Place: Ireland, Republic of

Subject: biography, astronomy

Irish politician, engineer, and astronomer, whose main interest was in rediscovering the techniques used by William Herschel to build bigger and better telescopes. After considerable expense and dedicated effort he succeeded, and with his new instruments made some important observations, particularly of nebulae.
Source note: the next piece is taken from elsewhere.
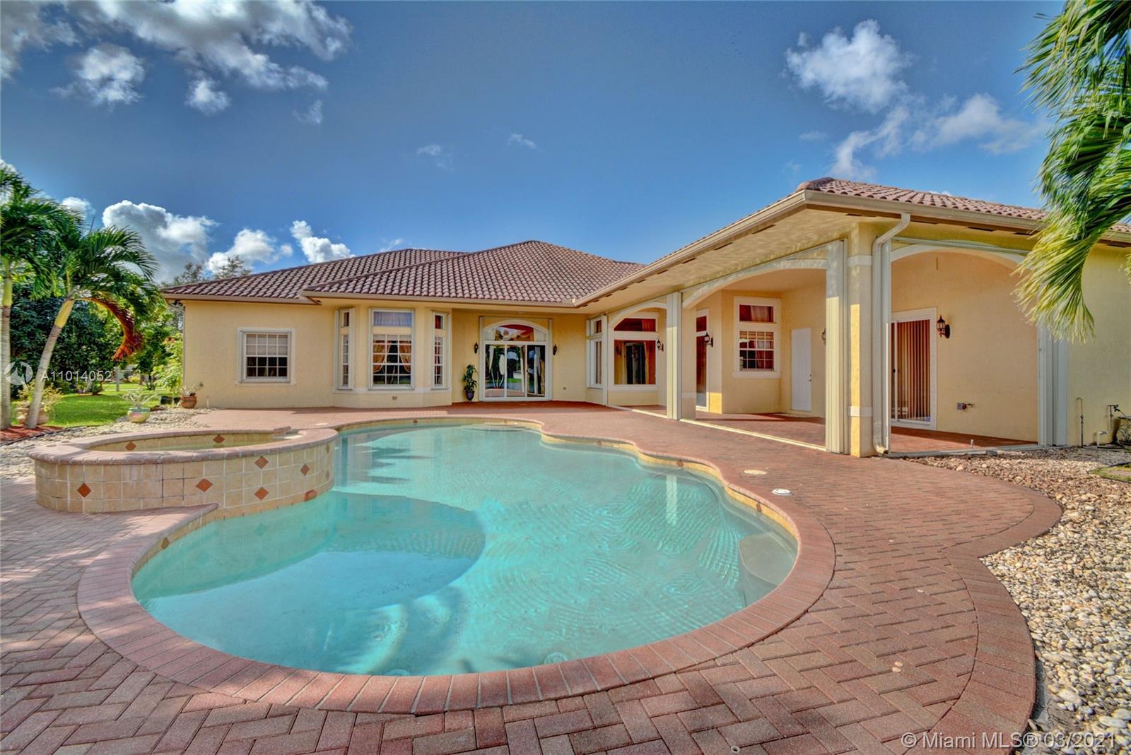 Sumptuous Lake Front State Home w one of kind Mediterranean design located in Rock Creek Ranches that offers the peaceful lifestyle that is unique to the township of Davie. This Gated Community of just only 79 homes that offers you the privacy and exclusivity you seek, with Impressive waterfall entry & lush landscaping. This home is one of the largest Del Mar III model that sits in a corner builder's acre lake front lot w pool & Spa. Features includes crown molding, 5 Bed + Den, 4 Bath, Master Suite/Gym & breakfast area w a Lavish Master Bath Roman Tub & Shower Wall. Gourmet kitchen w extractor hood.Beautiful wet bar & formal dining room w elegant columns.Covered Terrace w accordion shutters & Split Side 4 Car Garage This home is special & we invite you to experience it for yourself.

Parsons was born in York on 17 June 1800, but it was at his ancestral home, Birr Castle in County Offaly, that he received his early education. He then attended Trinity College, Dublin, for a year before going to Magdalen College, Oxford, in 1819, and graduating with a first-class degree in mathematics at the age of 22. A political career commensurate with his family's land ownership and title was virtually obligatory for Parsons, as the eldest son, and even while still an undergraduate he was elected to the House of Commons to represent King's County, a seat he then held at Westminster for 13 years. In 1831 he became Lord Lieutenant of County Offaly, and although he retired from parliamentary life in 1834, seven years later he was back, at the House of Lords, an elected Irish representative peer, having succeeded to the title of Rosse on his father's death. During and after the potato famine of 1846, Parsons worked to alleviate the living conditions of his tenants. It was work that Irish landowners were more or less forced to undertake when the government in London delayed aid; but his tenants were grateful to Parsons, and when he died in Monkstown on 31 October 1867, thousands attended his funeral.
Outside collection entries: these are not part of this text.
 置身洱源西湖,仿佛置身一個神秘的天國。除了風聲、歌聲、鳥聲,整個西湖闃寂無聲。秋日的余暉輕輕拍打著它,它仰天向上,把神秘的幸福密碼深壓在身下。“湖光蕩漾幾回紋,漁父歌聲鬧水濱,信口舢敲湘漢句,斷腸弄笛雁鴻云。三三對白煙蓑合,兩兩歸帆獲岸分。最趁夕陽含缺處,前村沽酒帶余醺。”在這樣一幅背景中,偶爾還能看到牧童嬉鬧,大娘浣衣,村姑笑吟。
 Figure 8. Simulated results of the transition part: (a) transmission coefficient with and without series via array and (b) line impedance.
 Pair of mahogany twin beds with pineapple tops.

The work of William Herschel was a source of fascination to Parsons. Early on he decided that he too would construct enormous telescopes and make great astronomical discoveries. Accordingly, he learned to grind mirrors, made a few small ones, and then began to seek a material capable of being cast as a large mirror. An alloy using copper and tin was considered but found difficult to cast directly. An attempt at another solution, using sectional mirrors surrounding a central disc soldered on to a brass disc, proved unsatisfactory for instruments with an aperture larger than 46 cm/18 in. Subsequently, Parsons developed a way of casting solid discs, designing a mould ventilator that permitted the even cooling of the metal forming the mirror, in an annealing oven. Thirteen years after his experiments began, Parsons was able to construct a 92-cm/36-in mirror in sections; a solid mirror of the same size was completed a year later. And in 1842 Parsons cast the first 1.8-m/72-in disc, the ‘Leviathan of Parsonstown’, which weighed nearly 4 tonnes and was incorporated into a telescope with a focal length of 16.2 m/54 ft. It took three years to put together, including setting it up on two masonry piers.
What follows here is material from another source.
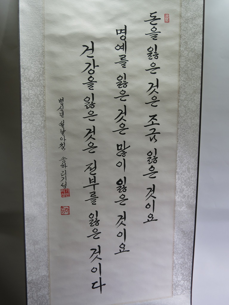 一生重寶身無病 (일생중보신무병) 일생에 귀중한 보배는 몸에병이 없는것이요
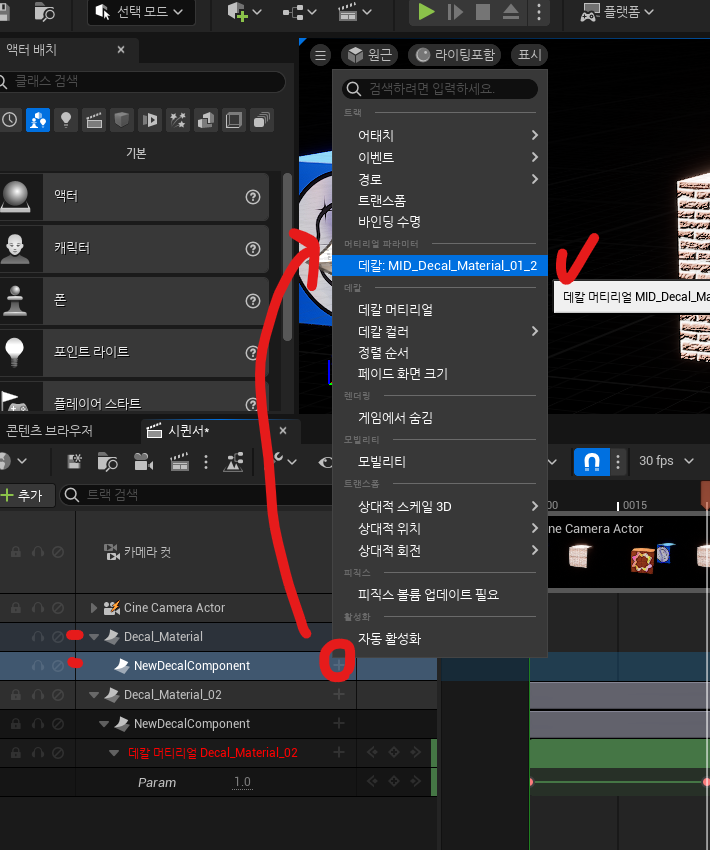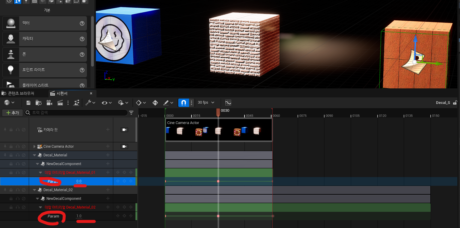 2. 시퀀스에 Decal Material + NewDecalComponent 추가 ~ 최종적으로 Param 키값 찍을수있는 창이 나온다.

At last Parsons was ready for the observational side of his work. And during the next 13 years, he made a number of important observations. His telescope was, after all, the largest in contemporary use, and with it he researched particularly into nebulae. He was the first to remark that some were shaped in a spiral - in fact he went on to find 15 spiral nebulae - and resolved others into clusters of stars. It was he who named the famous Crab nebula.

In constructing his ‘Leviathan’, Parsons designed a mechanism (since copied by many others) for grinding and polishing metal mirrors. He also invented a clockwork drive for the large equatorial mounting of an observatory. He was even among the first to take photographs of the Moon.

His other interests included a study of problems in constructing iron-armoured ships.